• TASK DESCRIPTION
Ignoring every picture, return the lines of the listing below word for word, from the line that holds "Sandálias Salto Feminino" through the line that holds "営業支援システムは、Daii".

• GIVEN ENTRIES

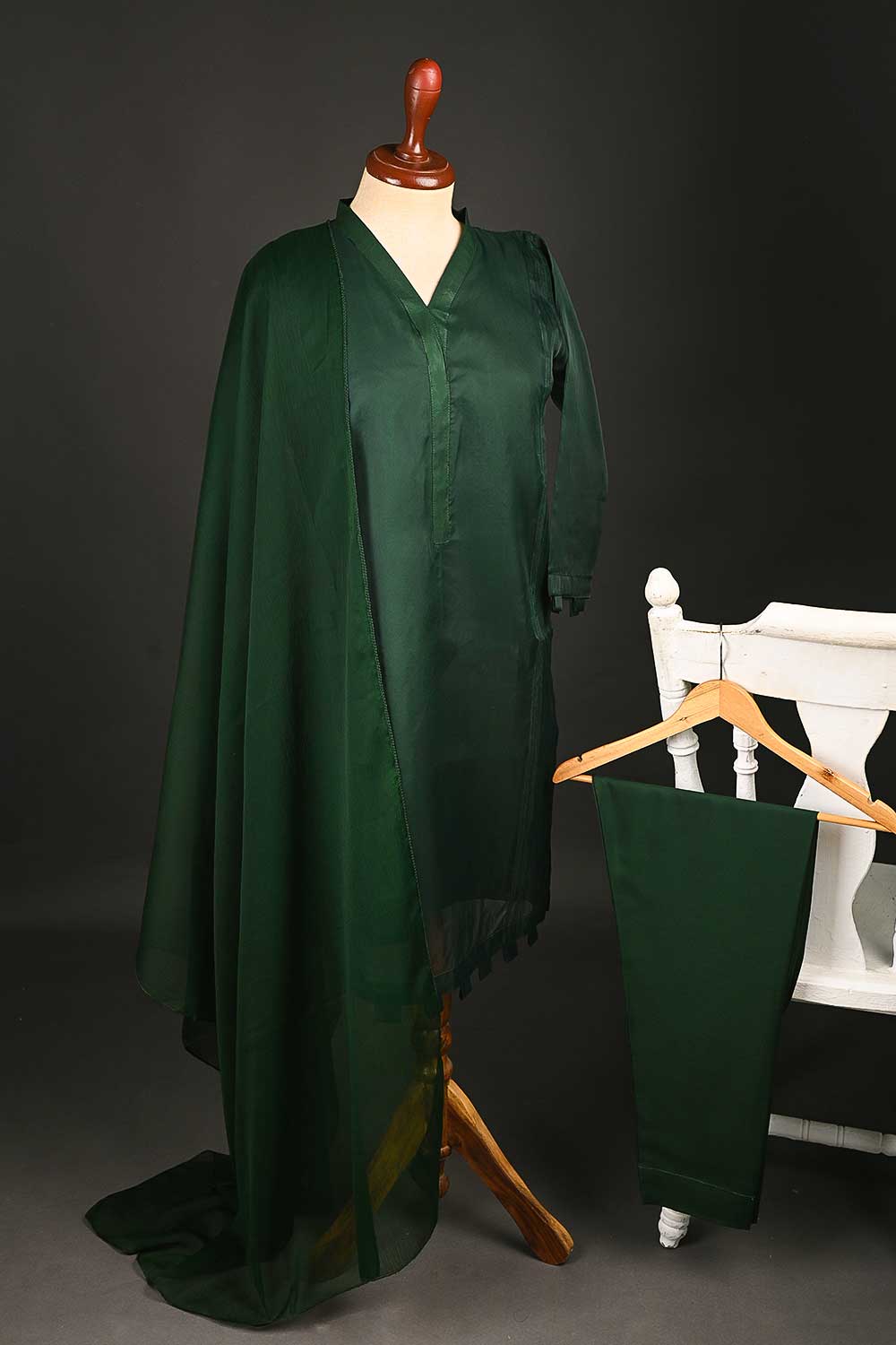 RTW-116-Green - 3Pc Stitched Organza Dress
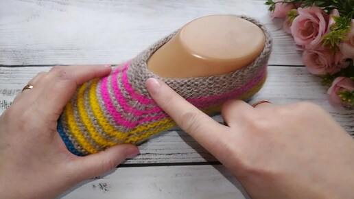 🌹Мастер класс спицами 🌹"Разноцветные тапочки "🌹Размер 38-39
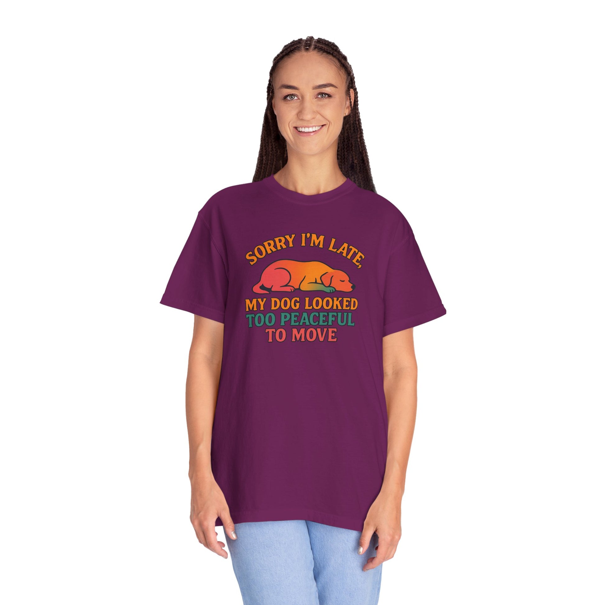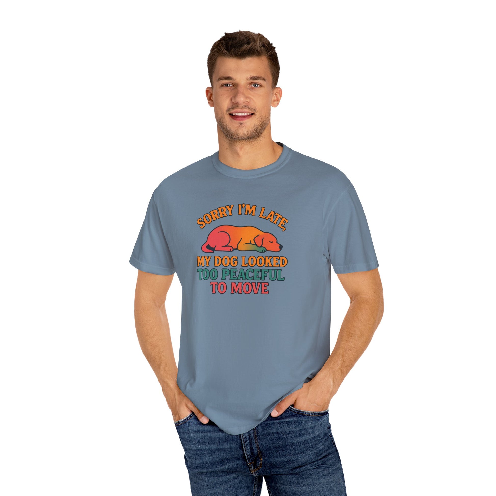 Funny Dog Lovers T-Shirt - 'Sorry I'm Late, My Dog Looked Too Peaceful to Move'
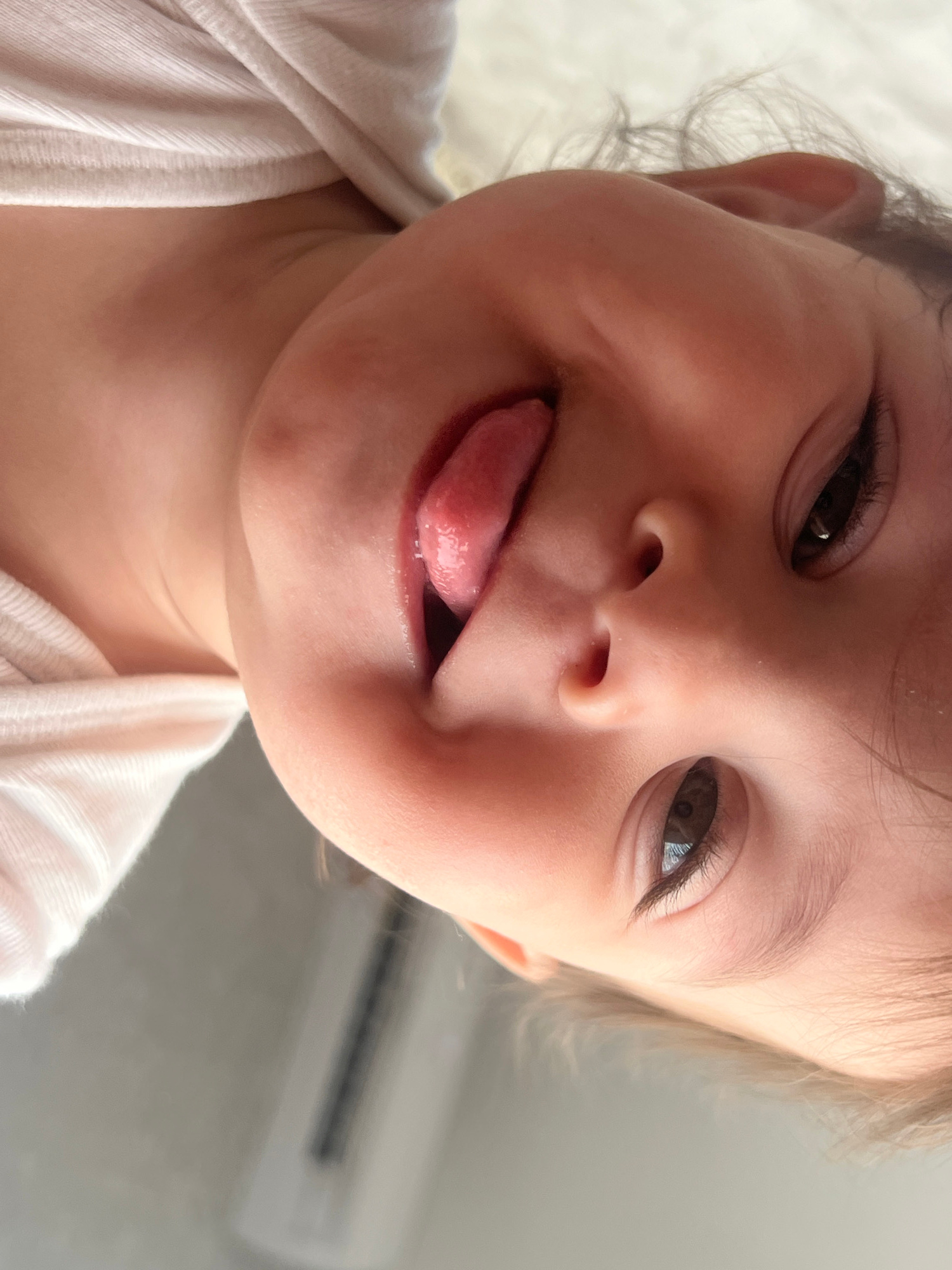 A close-up, low-angle photograph captures a joyful baby, likely a toddler, indoors in Elena, Bulgaria. The child's face dominates the frame, looking down towards the camera with a playful and happy ex…read more
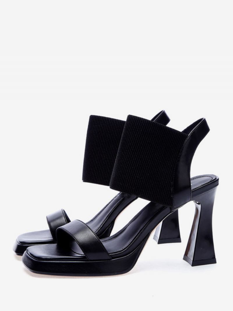 Sandálias Salto Feminino Com Bico Quadrado E Grosso Em Couro Pu
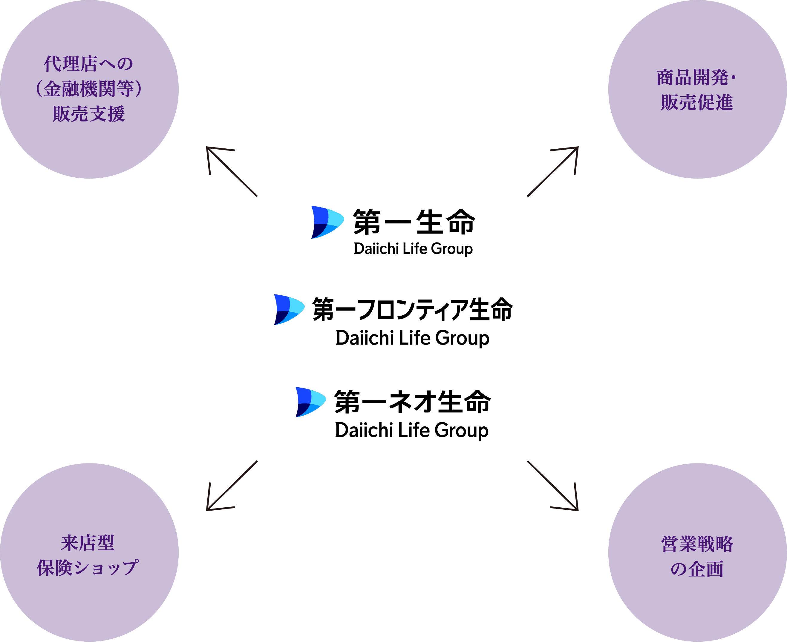 営業支援システムは、Daiichi Lifeグループの生涯設計デザイナーをはじめとして、営業オフィス、店舗窓口、スタッフなどの営業活動をサポートする各種システムです。
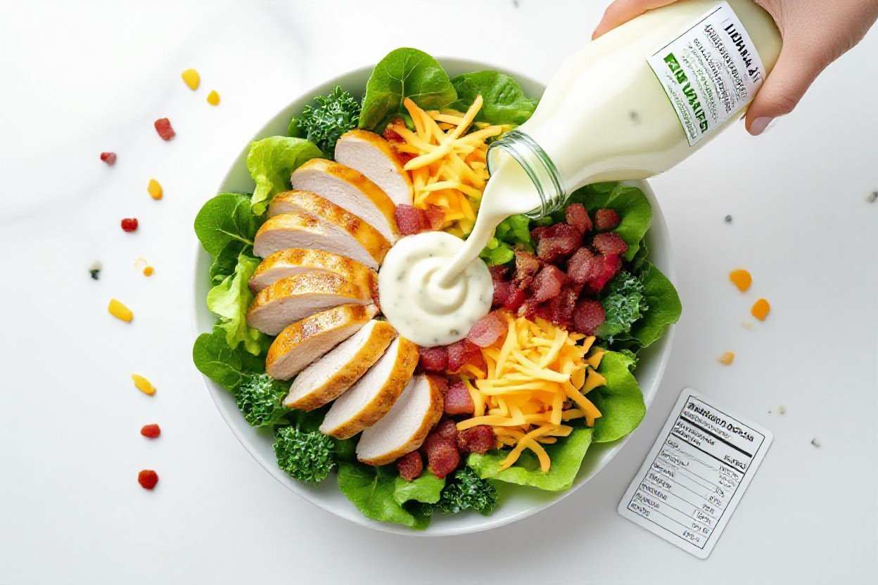 Stick with a keto-friendly ranch base using full-fat mayonnaise and sour cream: for four servings mix ½ cup mayo, ¼ cup sour cream, 2 tbsp heavy cream (or water for a lighter pour), 1 tsp garlic powder, 1 tsp onion powder, 1 tbsp chopped dill and 1 tbsp chopped chives; this yields roughly ¾-1 cup of dressing and keeps carbs near zero. Full-fat mayo runs about 100 kcal and 11 g fat per tablespoon, so factor portions into your meal-two tablespoons of this ranch will add roughly 200 kcal and 22 g fat.
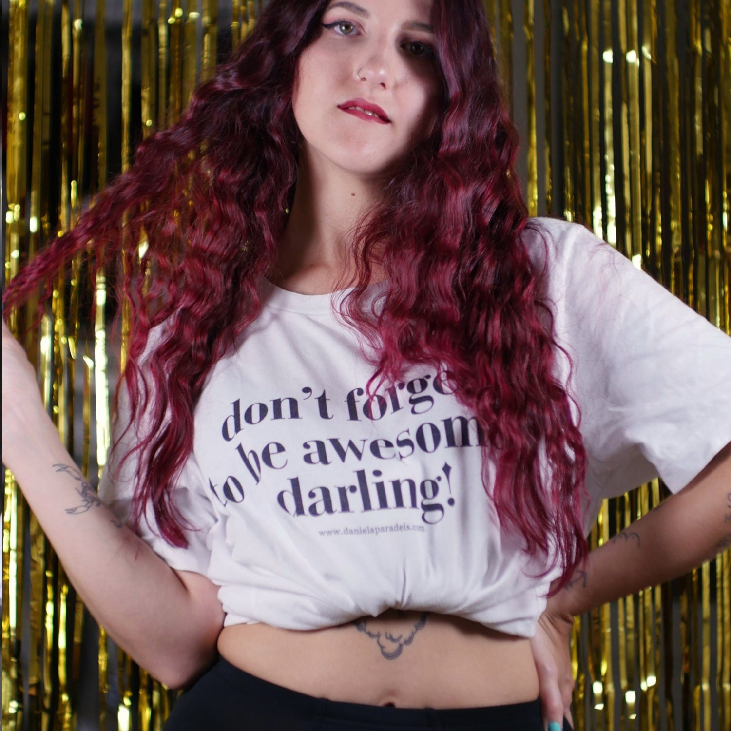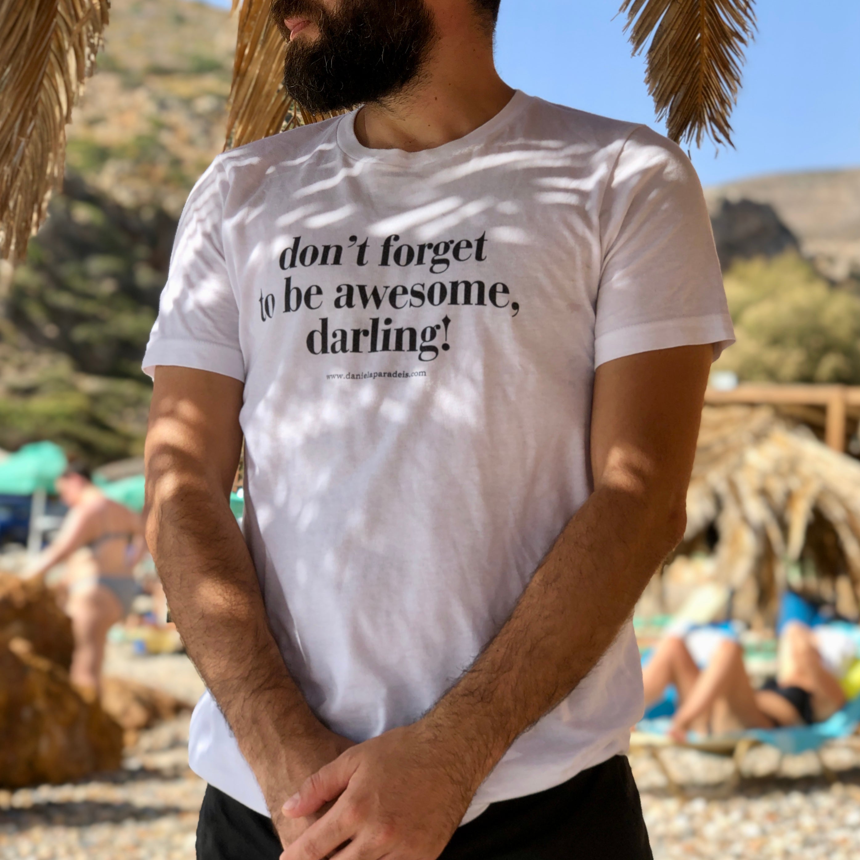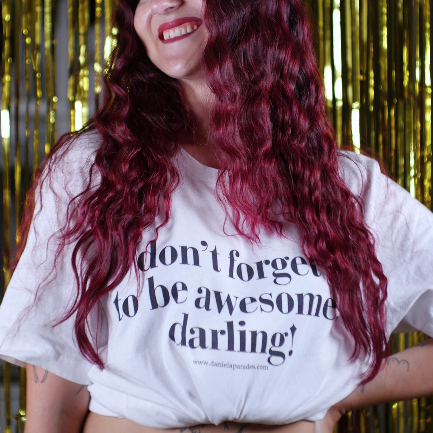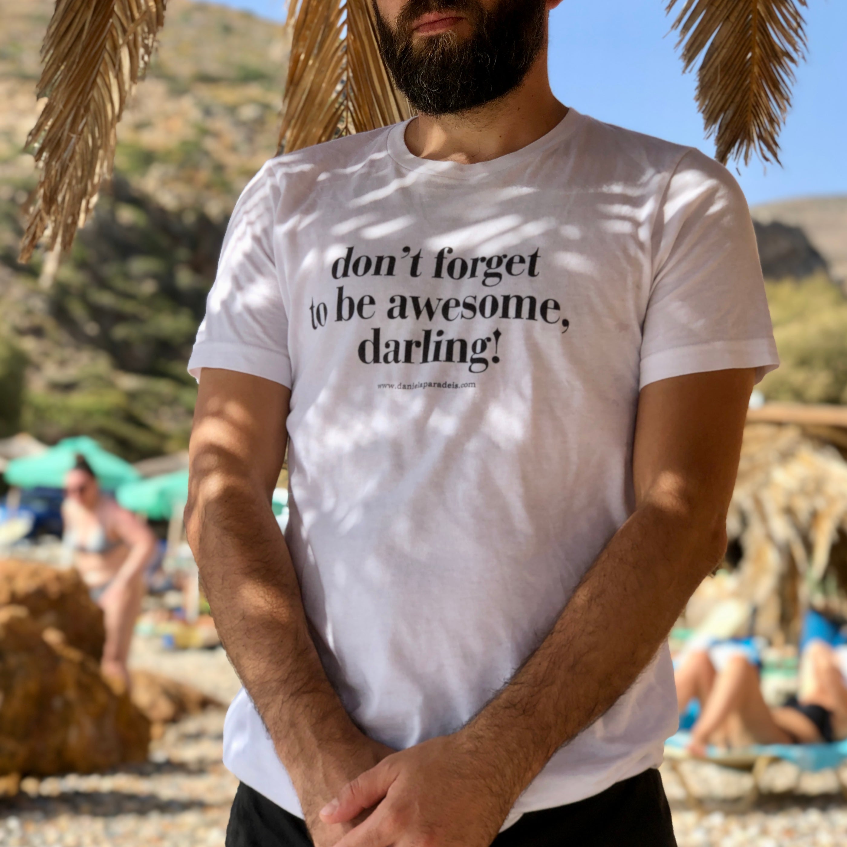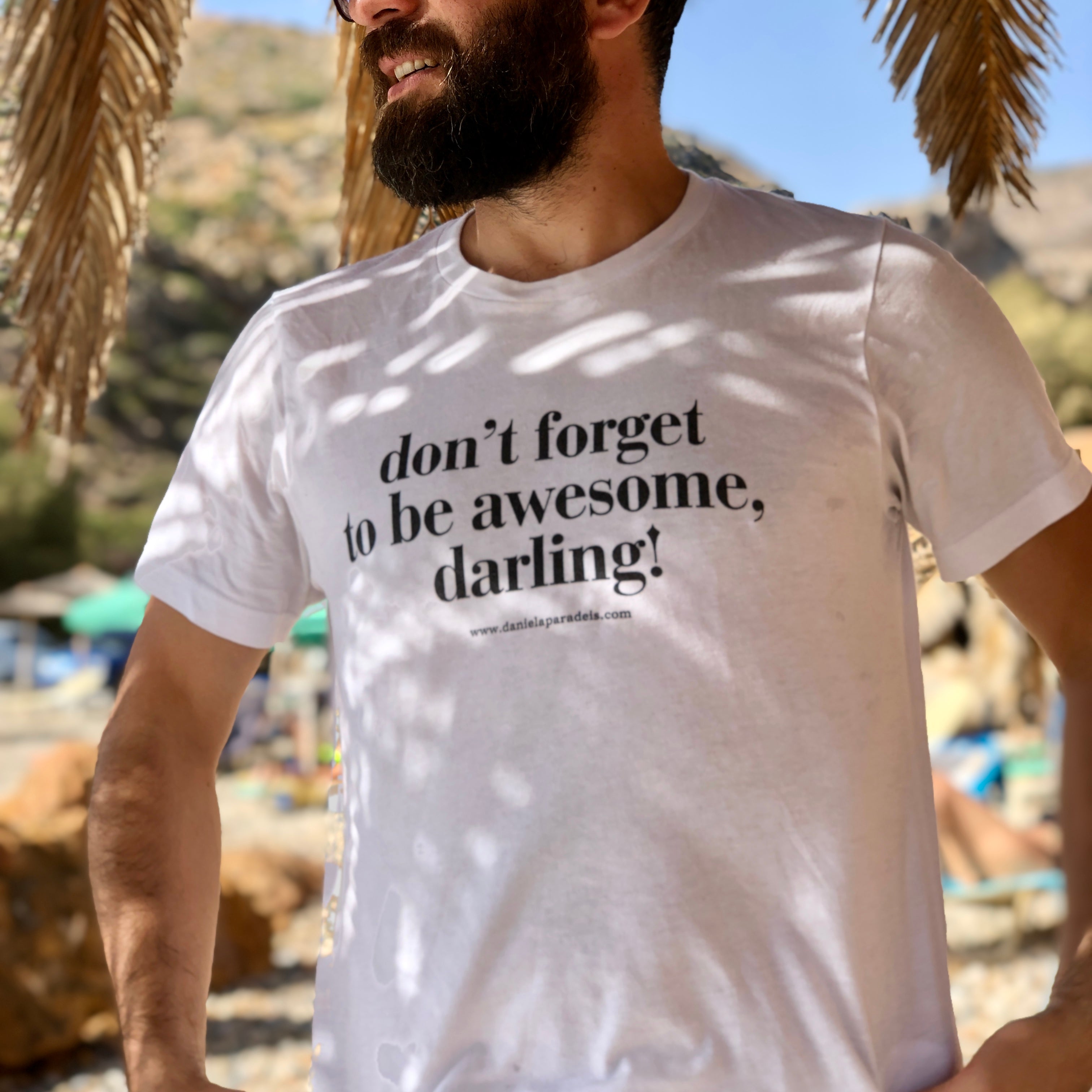 Designed for all genders, the "Don’t forget to be awesome, darling!" T-shirt ensures a relaxed fit that flatters all body types and sizes, while the soft cotton provides ultimate comfort for all-day wear.

• SOLUTION
 Sandálias Salto Feminino Com Bico Quadrado E Grosso Em Couro Pu
 営業支援システムは、Daiichi Lifeグループの生涯設計デザイナーをはじめとして、営業オフィス、店舗窓口、スタッフなどの営業活動をサポートする各種システムです。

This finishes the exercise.